Grupo Posadas, S.A.B. de C.V. Announces an Offer to Purchase For Cash Any and All of its Outstanding 8 3/4% Senior Notes Due 2011

    MEXICO CITY, March 17 /PRNewswire/ -- Grupo Posadas, S.A.B. de C.V.
 (BMV: POSADAS), a variable capital corporation (sociedad anonima bursatil
 de capital variable) organized under the laws of the United Mexican States
 (the "Company"), today announced the commencement of its offer to purchase
 for cash any and all of its outstanding 8 3/4% Senior Notes due 2011 (CUSIP
 Nos. 400489AD2, 400489AB6, P4983GAH3 and P4983GAJ9)) (the "Notes"), upon
 the terms and subject to the conditions set forth in the Offer to Purchase
 and Consent Solicitation Statement (the "Offer to Purchase") and in the
 related Consent and Letter of Transmittal (the "Letter of Transmittal" and
 together with the Offer to Purchase, the "Offer Documents").
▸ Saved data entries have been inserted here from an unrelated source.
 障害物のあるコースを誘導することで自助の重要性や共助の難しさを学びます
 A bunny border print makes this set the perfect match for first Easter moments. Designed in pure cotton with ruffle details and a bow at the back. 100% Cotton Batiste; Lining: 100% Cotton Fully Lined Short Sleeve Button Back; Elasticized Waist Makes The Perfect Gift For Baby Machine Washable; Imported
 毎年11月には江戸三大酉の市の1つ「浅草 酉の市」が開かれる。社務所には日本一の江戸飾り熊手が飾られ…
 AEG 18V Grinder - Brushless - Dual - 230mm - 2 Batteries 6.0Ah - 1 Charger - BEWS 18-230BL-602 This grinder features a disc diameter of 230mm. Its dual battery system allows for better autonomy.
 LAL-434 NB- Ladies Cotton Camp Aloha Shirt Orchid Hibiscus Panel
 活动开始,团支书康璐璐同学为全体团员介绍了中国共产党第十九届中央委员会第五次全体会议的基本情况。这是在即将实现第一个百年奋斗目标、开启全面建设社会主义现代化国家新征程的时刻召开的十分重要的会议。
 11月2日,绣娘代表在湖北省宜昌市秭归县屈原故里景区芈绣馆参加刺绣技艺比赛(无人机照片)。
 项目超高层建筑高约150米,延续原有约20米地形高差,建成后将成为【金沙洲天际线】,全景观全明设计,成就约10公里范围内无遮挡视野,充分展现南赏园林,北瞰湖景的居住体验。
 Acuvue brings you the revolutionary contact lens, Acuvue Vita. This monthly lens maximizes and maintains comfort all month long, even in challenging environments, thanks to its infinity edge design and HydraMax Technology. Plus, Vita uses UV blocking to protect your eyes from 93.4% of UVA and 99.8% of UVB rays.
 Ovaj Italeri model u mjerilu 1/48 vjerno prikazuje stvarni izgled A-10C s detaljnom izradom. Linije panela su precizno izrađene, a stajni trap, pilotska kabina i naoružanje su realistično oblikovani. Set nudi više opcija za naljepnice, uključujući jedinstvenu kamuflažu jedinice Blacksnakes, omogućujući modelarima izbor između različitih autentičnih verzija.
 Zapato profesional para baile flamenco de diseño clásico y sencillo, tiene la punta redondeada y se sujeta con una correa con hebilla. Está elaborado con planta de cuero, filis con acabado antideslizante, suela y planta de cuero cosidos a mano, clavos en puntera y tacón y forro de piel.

The offer to
 purchase Notes is referred to as the "Tender Offer." The aggregate
 principal amount outstanding of the Notes as of March 17, 2008 is US$225
 million.
 
     The Tender Offer will expire at 12:00 midnight, New York City time, on
 Friday, April 11, 2008, unless extended or earlier terminated (such time
 and date, as the same may be extended or earlier terminated, the
 "Expiration Date"). Registered holders of the Notes ("Holders") who validly
 tender, and do not validly withdraw, their Notes prior to 5:00 p.m., New
 York City time, on Friday, March 28, 2008 (such time and date, as the same
 may be extended or earlier terminated, the "Consent Date") will be eligible
 to receive the Total Consideration (defined below), subject to the terms
 and conditions of the Tender Offer. Holders who validly tender, and do not
 validly withdraw, their Notes after 5:00 p.m., New York City time, on the
 Consent Date and prior to 12:00 midnight, New York City time, on the
 Expiration Date will receive only the Offer Price (defined below), and will
 not be eligible to receive the Total Consideration.
 
     The total consideration (the "Total Consideration") offered for Notes
 validly tendered and not validly withdrawn pursuant to the Offer shall be
 US$1,050 per US$1,000 principal amount of such Notes. The Total
 Consideration includes a consent payment of US$15.00 per US$1,000 principal
 amount of such Notes (the "Consent Payment"). The Total Consideration minus
 the Consent Payment is referred to as the "Offer Price." In addition to the
 Total Consideration or Offer Price, as applicable, Holders whose Notes are
 purchased in the Offer will also receive accrued and unpaid interest from
 the last interest payment date preceding the Offer to, but not including,
 the Settlement Date. The "Settlement Date" is expected to be no later than
 three business days after the Expiration Date or promptly thereafter.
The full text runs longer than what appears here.